Back at her own cottage she was struck by the unreality of it all. They had just gone for a picnic. Had they really found a body in the kelp? She knew it was unfortunately true, but it was like one of those "What's Wrong with This Picture?" puzzles. An incredible day—bright-blue skies, white puffy clouds, sailboats moving gracefully in the wind, the long stretch of gleaming sand, and the tidal pools filled with jewellike mysteries and Roger's dead body.

She grabbed Benjamin and headed for the car.

Tom had taken their own car to New Hampshire, since a car came with the house. It was an old wooden station wagon—a 1949 Plymouth Suburban in "mint condition," Tom had gloated as he stroked the side panels. While Faith had not arrived at the point where she felt the need to caress the car, she loved driving it. To her the romance of the Woody was a solid, dependable one, based on mutual trust and shared interests. The gears shifted smoothly and she sat up high, as if she were in a truck, with a clear view of the road. Today she didn't pause to appreciate the car, backed out quickly, and set off down the long dirt road to the macadam that circled the island and led to Sanpere Village—the long way if you turned left, the short way if right. Faith turned right.

She pulled up in front of Jill's shop. Benjamin had fallen asleep in his car seat, waking drowsily when the car stopped. The shop was closed, but Faith knew Jill lived in the apartment over it and decided to go around back and knock. Jill came almost immediately. Her eyes were swollen and she was still crying. She was tucking a shirt into her jeans and was obviously getting ready to go someplace.

“Oh, Faith, I'm so glad you came. I've been calling you since I heard. I just can't believe it. Roger was such a strong swimmer." She began to sob, and Faith stepped into the back of the store and put her arms around her—quite a feat, since she was carrying Benjamin.

“I don't know anything about these waters, Jill. It may have been some kind of undertow." She had no idea what an undertow was, but people usually said that in these situations, Faith recalled, and it was reassuring to blame Nature.

Jill wasn't really listening to Faith, which was understandable. She had stepped back and kept talking.

“I've got to go to Eric. There's no phone where he is, andanyway i don't want him to hear me news twin a stranger.

She turned to face Faith suddenly, fully taking in her presence for the first time. "Faith, tell me honestly, was the body in bad shape?"

“I can tell you the truth, and it may help Eric too. There were no marks or cuts of any kind. Benjamin saw him first and he thought a man was swimming, and it would have been easy to think that." Except for the expression on his face and the fact that he seemed to have no bones, Faith thought.

“That's a relief. And Eric will be happy to hear at least that. I don't know what he'll do. They've known each other so long and are closer to each other than to anyone else on earth. You couldn't be friends with one and not the other, not that that was likely in any case." She was moving around the back of the store, closing the windows and putting things into a large purse.

“What about Roger's family? Will the police notify them?" Faith asked, suddenly curious as usual.

“Roger has been estranged from his family for years.
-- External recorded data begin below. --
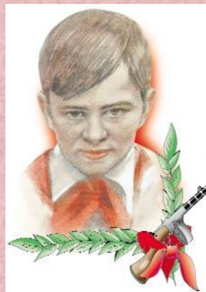
Валентин Котик 1930—1944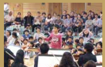
举办活动将管弦乐的现场演奏带给全国各地的孩子们 Bringing live orchestra music to children all over Japan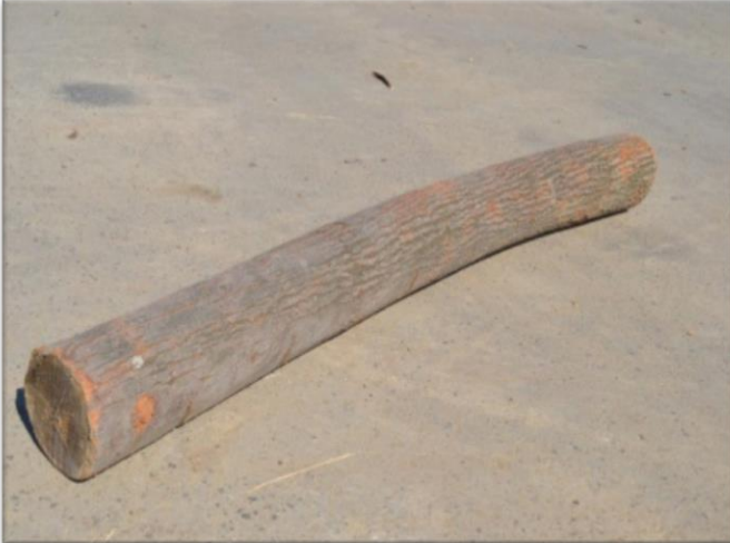
Curbura simpla / Simple curvature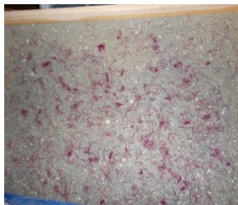
ภาพที่ 3 เยื่อกระดาษผสมกับเศษด้าย ใส่บล็อกเทน้ำสะอาดให้สูงกว่าบล็อก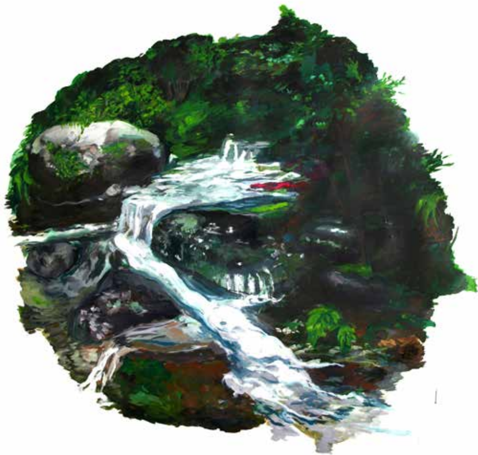
Carlos Araya. "Cascade". Huile sur toile. 130x130cm. 2017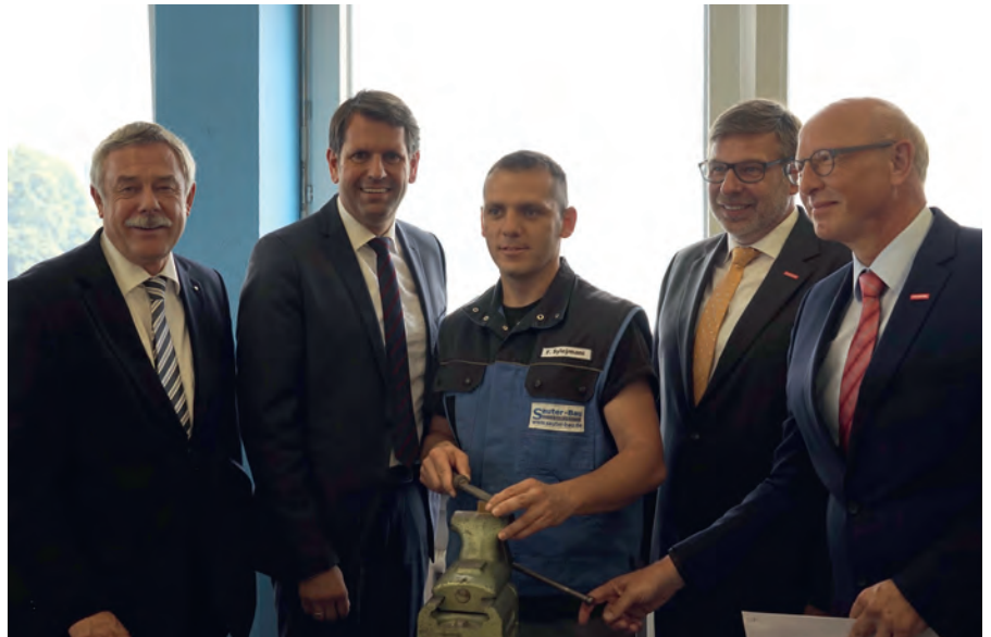
Wirtschaftsminister Olaf Lies (zweiter von links) stimmte einer Verlängerung des Projektes zu.

Seit November 2015 wurden in den Handwerkskammern mehr als 1.000 Beratungen für Flüchtlinge und ausbildungsbereite Handwerksbetriebe durchgeführt. Insgesamt konnten 340 Flüchtlinge in den Bildungseinrichtungen der Handwerkskammern und in Betrieben ihre Eignung für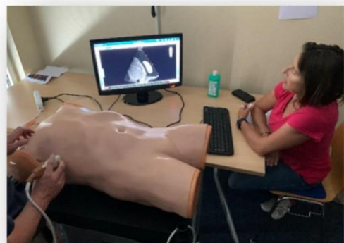
Pathologies sur simulateur haute-fidélité Vimedix®.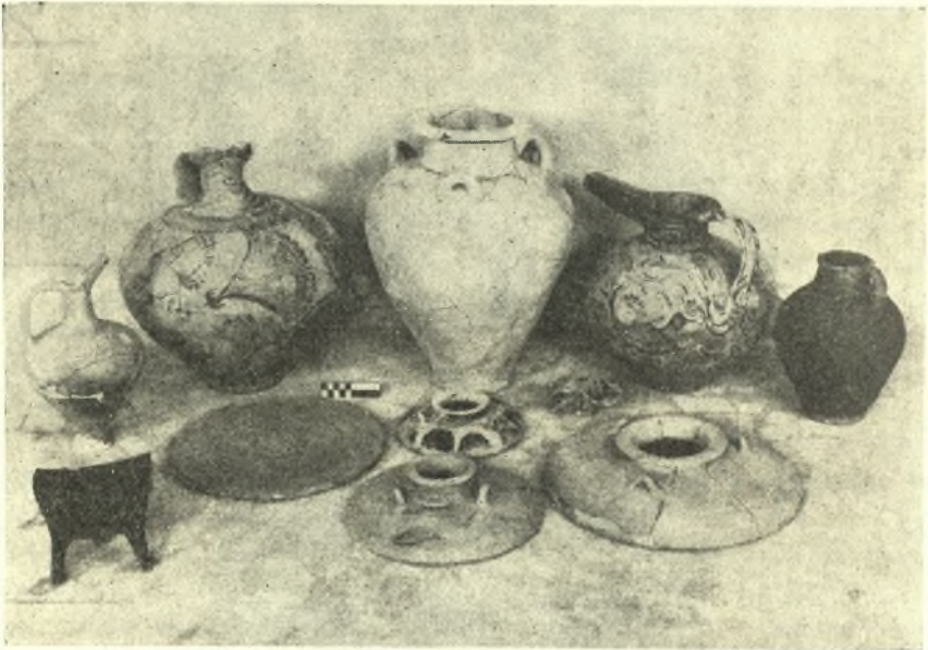
Εἰκ. 6. Ἀνακτορικὴ κεραμικὴ ἐκ τοῦ τάφου Ζ Κατσαμπᾶ.

οἰκία χρονολογεῖται κατὰ τὴν μέσην νεολιθικὴν περίοδον, χαρακτηριζομένη κατὰ τὴν ταξινομήσιν τοῦ EVANS (Palace of Minos I σ. 36, εἰκ. 8), ἐκ τῆς πλουσίας χαρακτῆς καὶ ἐνθέτου διακοσμῆσεως. Ὅτι πάντα τὰ κινητὰ εὐρήματα τῆς οἰκίας, κεραμικὴ καὶ λίθινα ἐργαλεῖα (εἰκ. 4, 5), ἀνήκουν εἰς μίαν καὶ τὴν αὐτὴν περίοδον δὲν δύναται νὰ ὑπάρξῃ ἀμφιβολία, διότι πενιχρὰ καλύβη, ὡς ἡ παρούσα, δὲν ἦτο δυνατόν νὰ κατοικηθῆ ἐπὶ λίαν μακρὸν διάστημα. Ὡς πρὸς τὴν ἀπόλυτον χρονολογίαν πρέπει νὰ εἴμεθα ἐπιφυλακτικοί, κατόπιν τῶν γενομένων ἐπὶ τοῦ θέματος τούτου συζητή-

It was a source of great bitterness to him. He came from Iowa, and they never understood his way of life or approved it. I don't know what Eric will say, but I'm pretty sure Roger will stay right here, in the place he loved most." That started the tears again. "Faith, he was so wonderful to me—you can't imagine how many times I've cried on his shoulder, especially when I was starting the store and didn't know what I was doing. It's the weirdest thing. I keep thinking, `I've got to go see Roger, he'll comfort me'; then I remember.”

It suddenly occurred to Faith that taciturn Jill was talking and, what's more, as if they were old friends. She sat down in a chair by the cluttered desk. Benjamin was all but asleep and rapidly becoming a dead weight in her arms.

“Please tell Eric if there's anything I can do, let me know. Or if he wants to talk to me about finding the body, although there isn't much to tell. We walked up on the rocks at the end of the long beach at the Point, and Roger was lying in one of the pools.”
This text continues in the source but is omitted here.